ANyone ever cook a whole salmon in the dishwasher????  I found this recipe in the newspaper about 35 years ago and hve done it several times.  Open it up and evenly spread in layers thinly sliced lemon, carrots, celery and onions, sprinkle with fresh chopped dill, S&P to taste and fresh minced garlic.  Pour 1 cup of dry white wine over, close and repeat on the outside.  Double wrap it in heavy duty foil and seal each piece of foil separately.  After running the dishwasher through the rince cycle when it is empty to remove lingering whatevers, put it on the top shelf (separate the tong things so you do not puncture the foil, and run through one complete cycle.  Remove and check for doneness, if needed run through the rinse cycle only.  Let sit for 10 minutes, remove and place on a platter and open it up and grab the large end of the spine bone which should completely pull out clean.  Add fresh lemon and dill to the serving platter.  You can serve it with the juices/vegies on the side or pour over or put them  in a bowl and refrigerate and it is a good fish aspic for the  next day.


----------



## mudbug (Oct 11, 2004)

norgeskog, I've heard of this too.  sounds like an interesting way to cook.  thanks for the reminder!


----------



## Lifter (Oct 15, 2004)

Our family prefers salmon barbequed...

First method:  Planked Salmon
Obtain a cedar plank roughly the length of your fillet, and soak the plank 4-12 hours in water.
Using the ready made low carb "Herb and Garlic" meat marinade, marinate the fish's boned flesh for three hours (leave skin on)
Heat bbq to full blast
Season the one side of the plank with sea salt and lay the fillet, skin side down on it.  Sprinkle fillet with sea salt, pepper and minced garlic.
Set the plank on the grill, and close the hood.

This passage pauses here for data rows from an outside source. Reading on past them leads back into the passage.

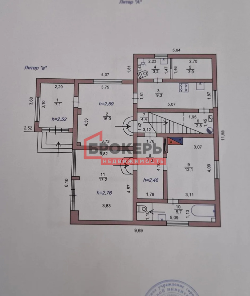 Общая плoщадь 173 м2 .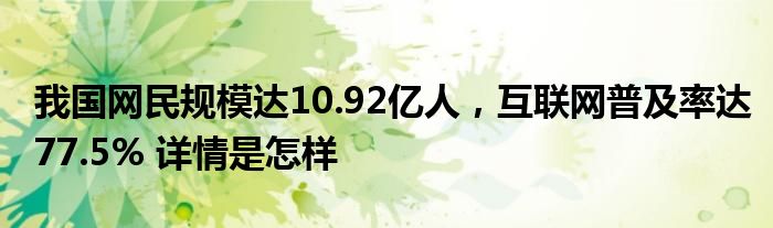 【我国网民规模达10.92亿人,互联网普及率达77.5%】大家可以一起来了解一下这是什么情况!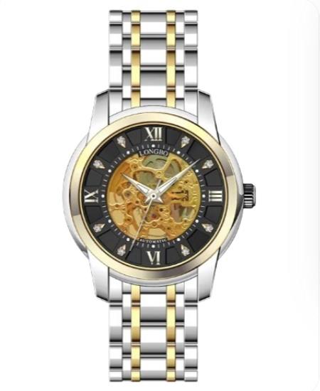 Longbo Mens Automatic Hollow mechanical Dial Analogue Gold/Black/2Tone Metal Bracelet Strap Watch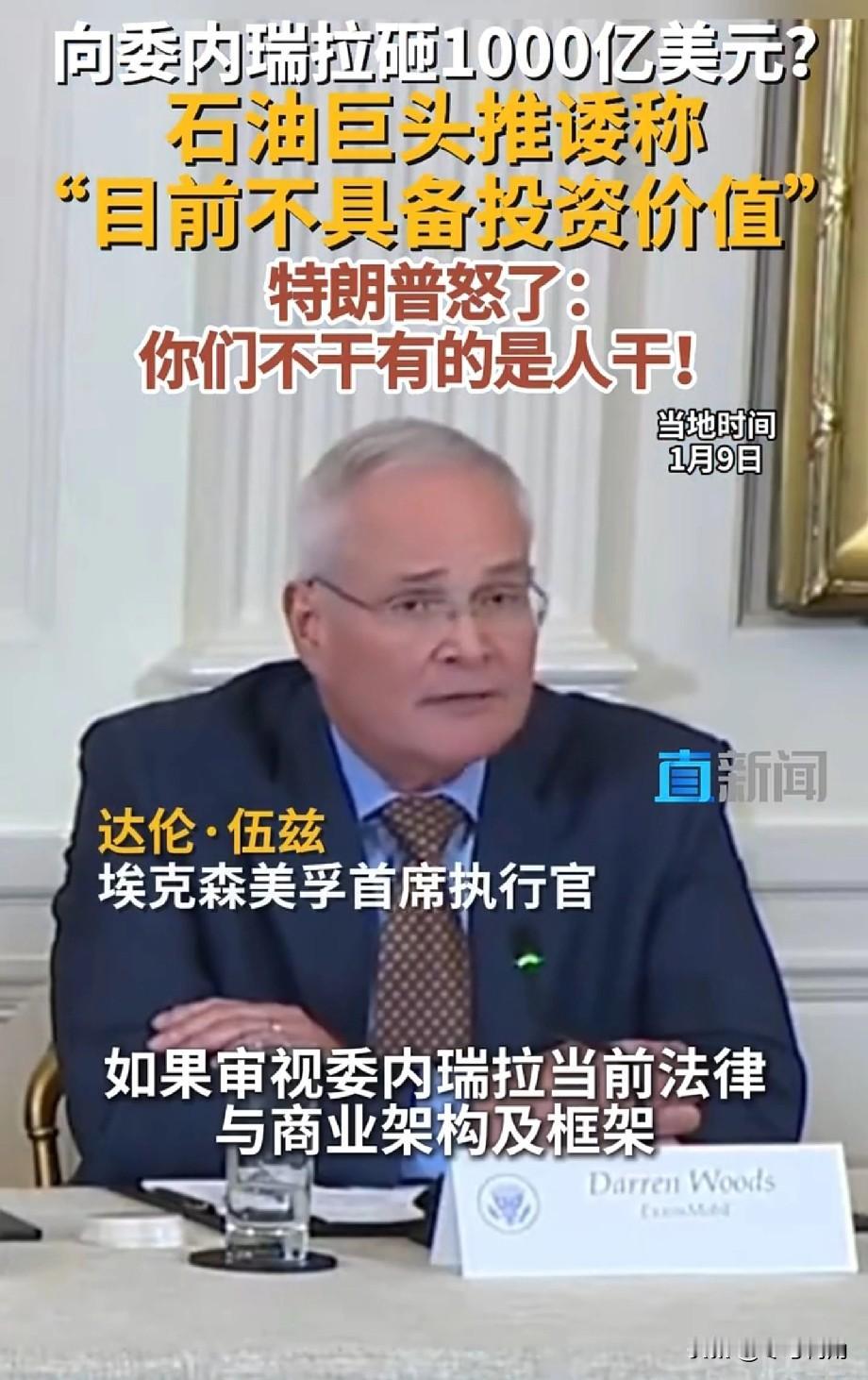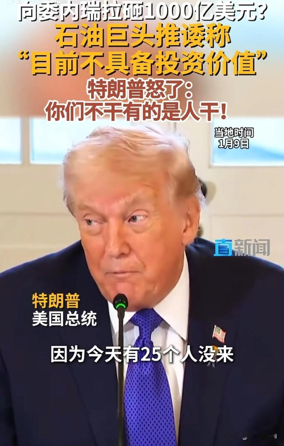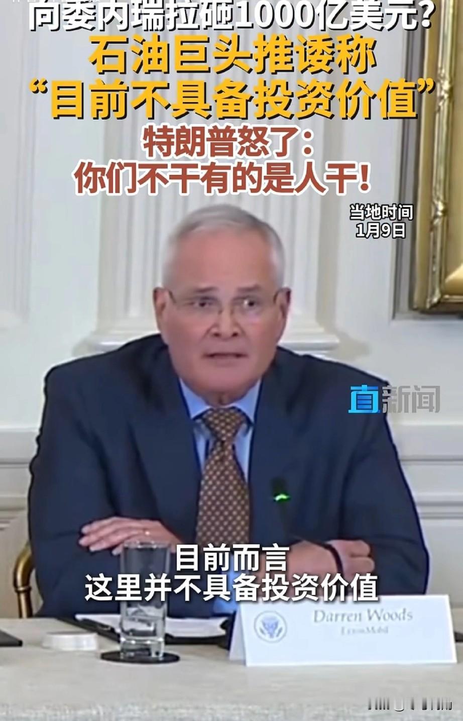 然而却遭遇挫折碰了一鼻子灰,特朗普在白宫发起脾气来,称1000亿美元的委内瑞拉项目,要是你们不做那就更换人员! 会上,特朗普要求那些石油公司往委内瑞拉投入1000亿美元进行投资,谁知道公司高管们集体不认可,直接表明“当下不具备投资的价值”,所表达的意思是:风险过大,不想去做冤大头。 特朗普当场就发怒了,抛出那句经典且厉害的话语:“你们不做,会有其他人去做!”。 画面感强烈至极——往昔商界的大腕特朗普,面对自家石油巨头,竟然也存在被“打脸”的情形。 委内瑞拉这潭复杂棘手的浑水,就连美国石油巨头都不敢轻易涉足,而特朗普却是凭借政治意志强硬地去撼动市场规律。 看起来呀,MAGA的“美国优先”口号,也难以抗衡资本对于风险的天然警觉之情。 这价值1000亿美元的大饼,最终究竟谁会来接手呢? 特朗普心里根本没有确切答案,只能放出狠话来给自己找找面子。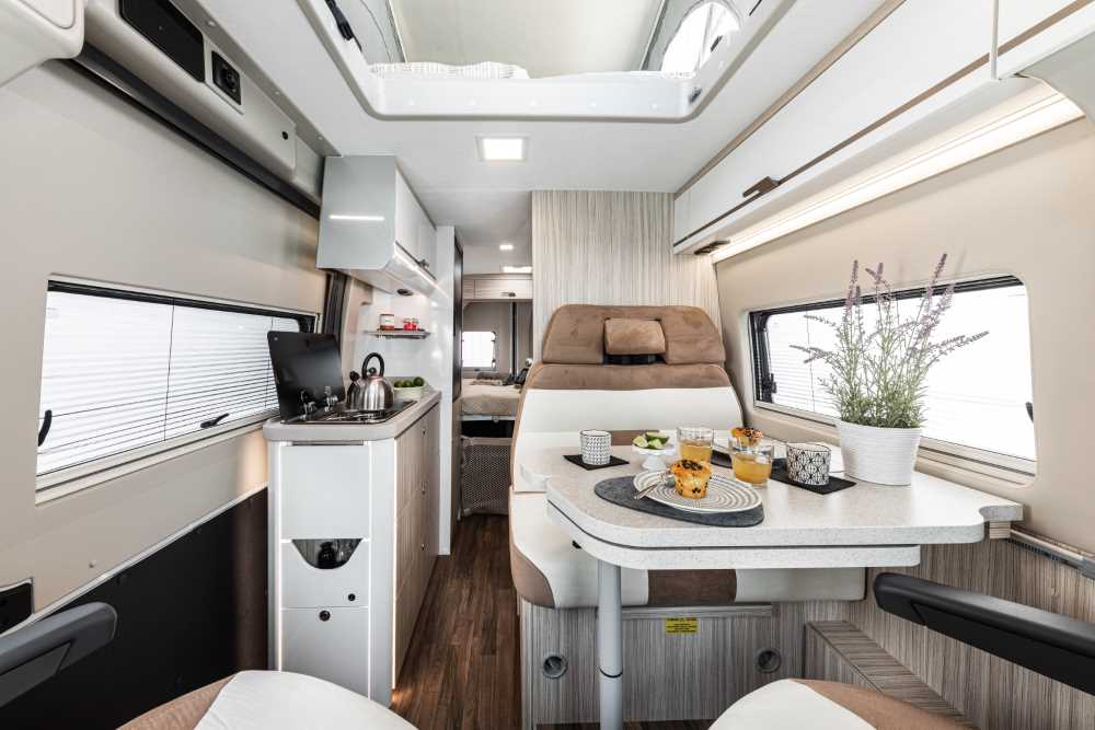 De Elnagh E-Van is de serie compacte buscampers van dit Italiaanse A-merk. Keuze uit 3 lengtes: 5,41, 5,99 en 6,36 meter, van korte Elnagh E-Van K2 tot de Elnagh E-Van Duo XL met een 2-persoons hefbed achterin de camper. Een aantal modellen is leverbaar met een hefdak en daardoor een tweede bed op het dak.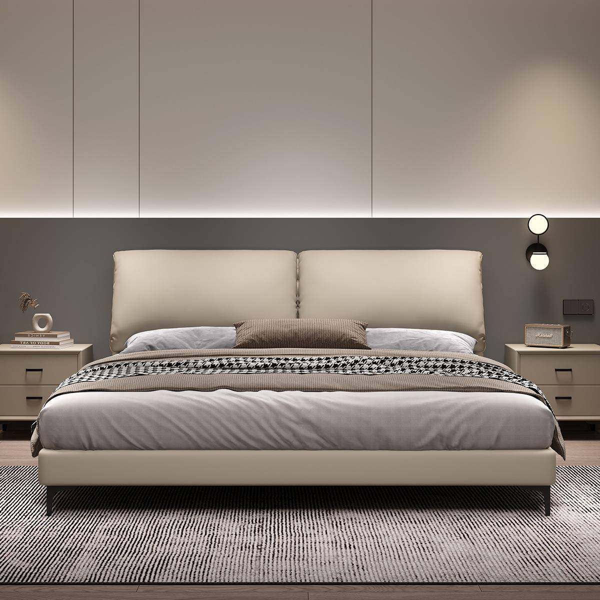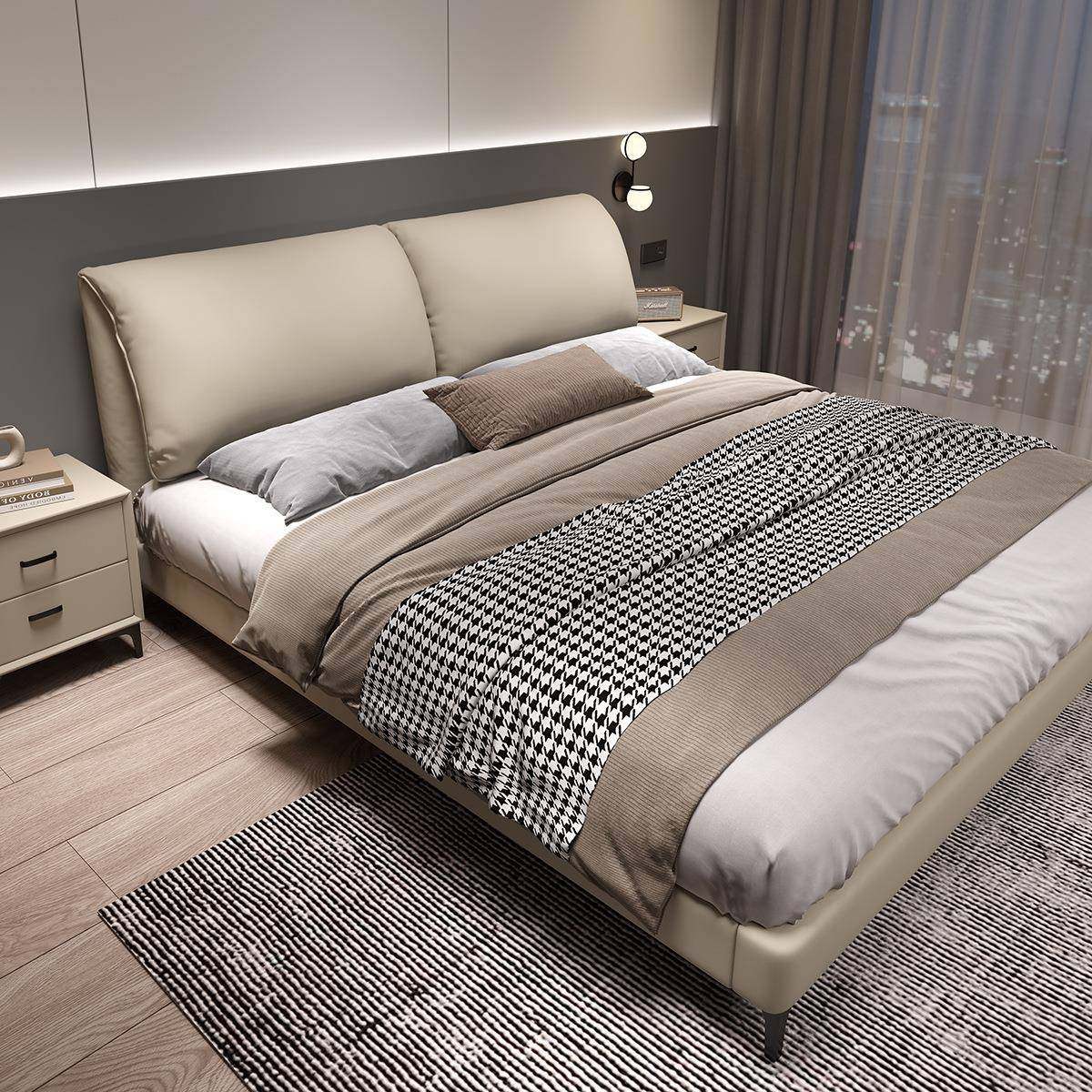 大象耳朵真皮床轻奢现代简约主卧大床双人大气意式极简婚床皮艺床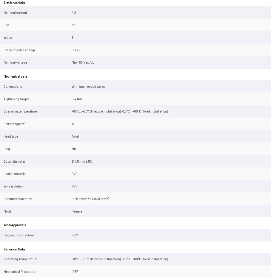 MDE8-N3F15, przewód 15m, złącze M8, proste, żeńskie, 3-pin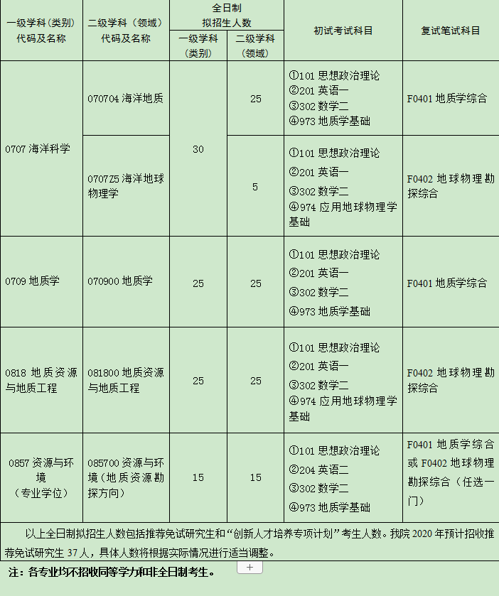 中国海洋大学考研辅导班:2020中国海洋大学海洋地球科学学院招生专业目录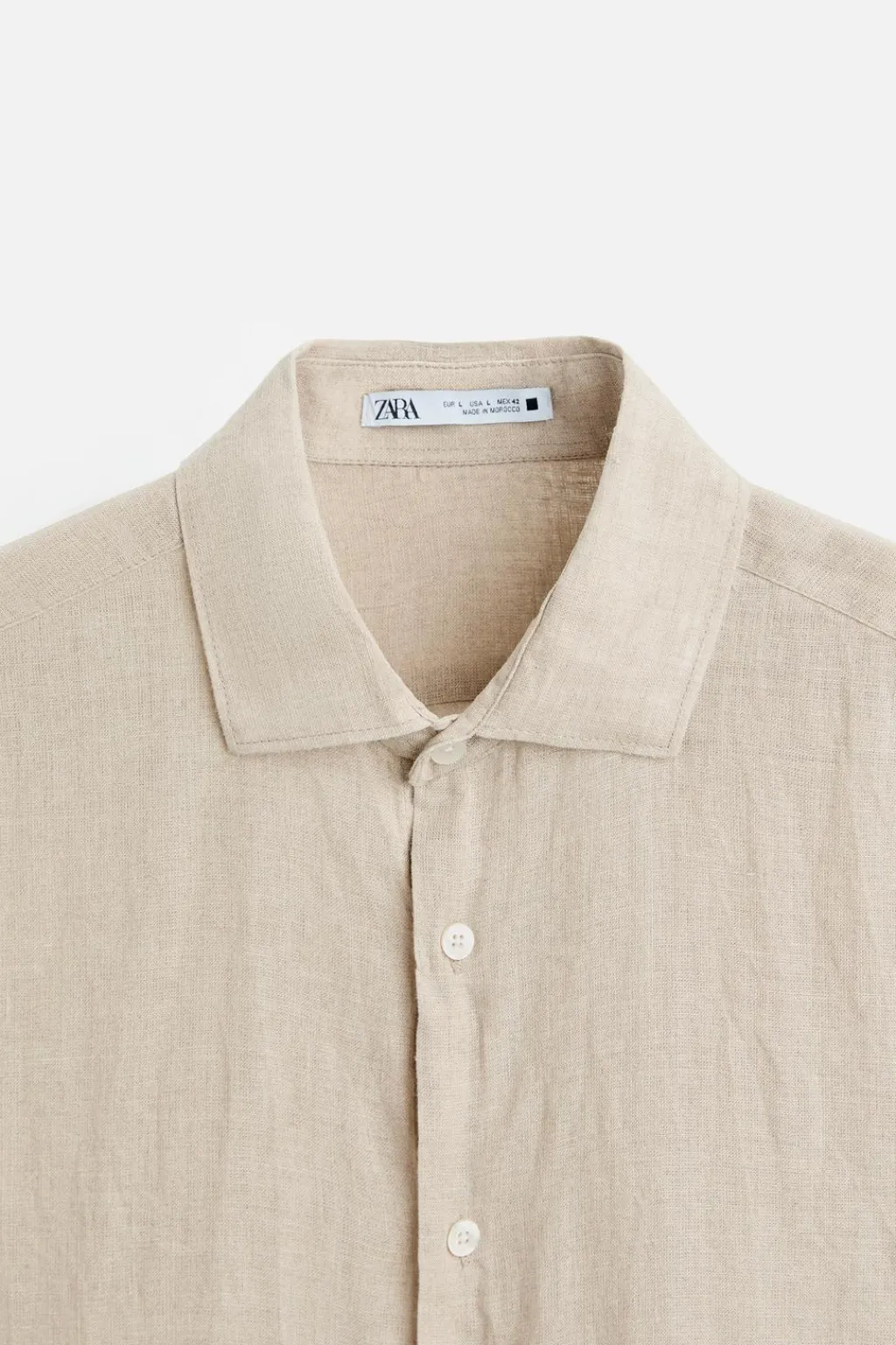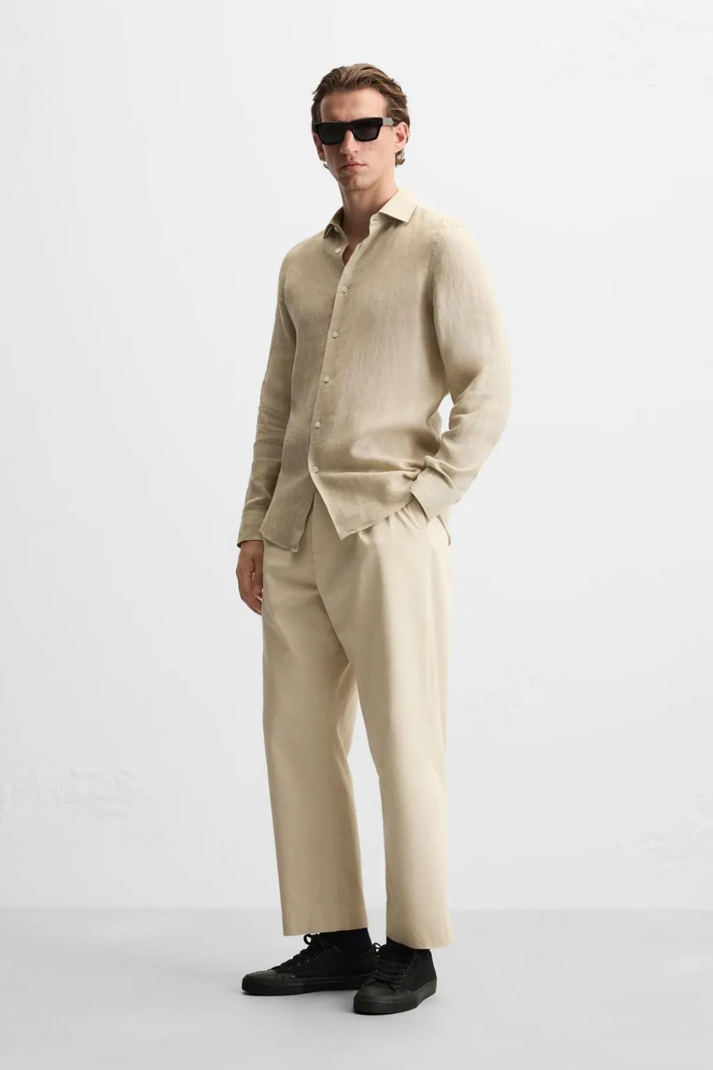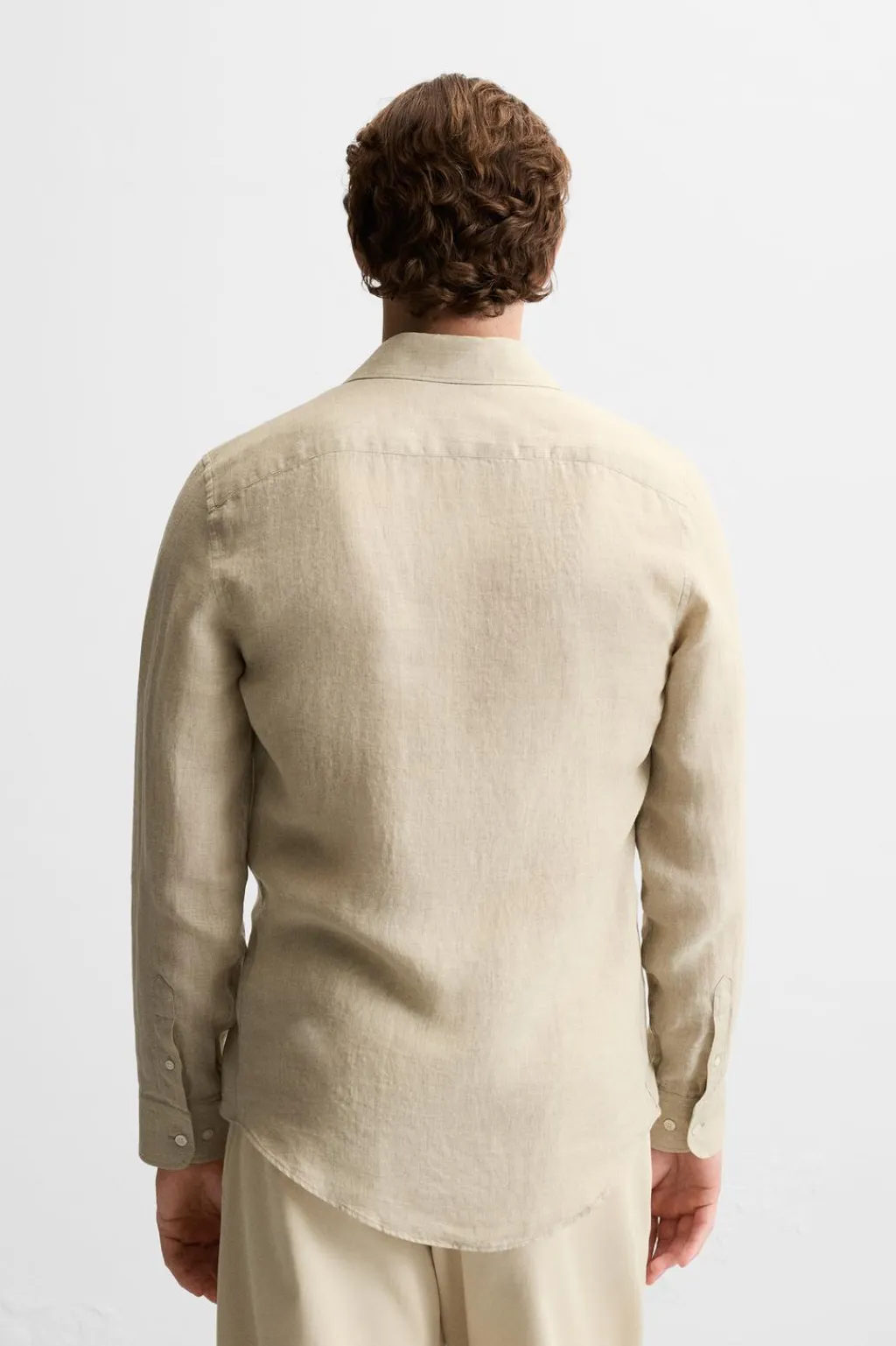 Camisa relaxed fit confeccionada en tejido de lino. Cuello solapa y manga larga acabada en puño con botón. Cierre frontal de botonadura.

Cook until its done to your own taste for doneness.  Have a spray bottle of water  on hand as plank will be burning.  Plank can be used about three times, so take care of it...

__________________________________________________________

Method #2 Smoked Salmon

Prepare salmon in marinade as above, but reducing the amount of salt, as smoke will add its own sense of saltiness.

Soak about a quart of mesquite chips for an hour.  (Alder will work equally well, or better, but you  work with what you can get your hands on!)

Bring BBQ to medium heat, then extinguish one side, and grease that side of the grill.  Place the salmon on the greased "cool" side of the grill.  Place drained but wet mesquite chips on the opposite (hot) side and allow the smoke to billow as you close the hood...

I personally like this a little overcooked, but suit yourself...


----------